Porti: UE decide la politica portuale italiana

Recentemente l’Unione Europea è stata interessata dalla Commissione “Porti: un motore per la crescita” con proposte di regolamento del Parlamento europeo e del Consiglio per quanto riguarda il quadro normativo per l’accesso al mercato dei servizi portuali e la trasparenza finanziaria dei porti. Ci preme rilevare le novità proposte che descriveranno il futuro dei porti e far notare la dimensione esclusiva europea circa le decisioni di politica portuale; e non come qualche membro, isolato, di un Comitato portuale di un porto, solo bagnato e non navigato, crede nella sua verità di decidere per lo sviluppo del suo porto.

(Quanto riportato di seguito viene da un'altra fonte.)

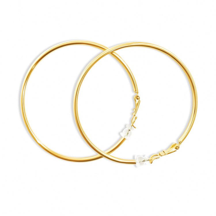Refresh your Ear Party looks with our classic The Elliott Hoops featuring a medium diameter for a statement style. These round tubular hoops keep secure with Omega backs and plastic stoppers, adding all-day comfort and wearability to their sleek design.
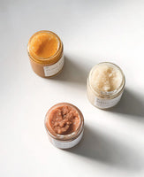 Agha Studio's Skin Smoothing Scrub contains organic sugar, skin-nourishing oils and pure castille soap. Fine sugar will gently exfoliate roughness while natural vegan oils moisturize the skin. As you massage in with water, it will turn into a foaming cleanser leaving you with clean, smooth and glowy skin.

Un dato certo da ricordare è quello che tre milioni di lavoratori direttamente o indirettamente sono impegnati nei porti dell’UE e si prevede, entro il 2030, un aumento del 50% delle merci gestite dai porti. La prima proposta è di incoraggiare le misure proposte sui 319 porti che fanno parte della rete transeuropea di trasporto (TEN-T), lasciando agli Stati membri la possibilità di applicare il regolamento proposto ad altri porti; (così più porti del basso Adriatico non sono nelle priorità dell’UE).

Modernizzare i servizi portuali e attrarre gli investimenti nei porti, garantendo il libero accesso al mercato e rafforzando la trasparenza finanziaria, ma lasciando al tempo stesso un notevole margine di autonomia per le autorità portuali; (considerare che a giugno 2013 sia già partito il dialogo sociale europeo per il settore portuale per assicurare una maggiore coerenza della gestione ambientale dei porti e non si conosce chi dialoga per il basso Adriatico e che cosa!). Si sta discutendo sugli “obiettivi dinamici”, ancora non adottati: parametri legislativi sulle concessioni, proposta di regolamento TEN-T e parametri riguardanti l’accesso di beni e servizi di paesi terzi al mercato interno degli appalti pubblici dell’UE. ( Su questo né Sindaci e/o Presidenti di Regione e nessuna associazione che rappresenti gli enti locali e regionali siano stati direttamente coinvolti).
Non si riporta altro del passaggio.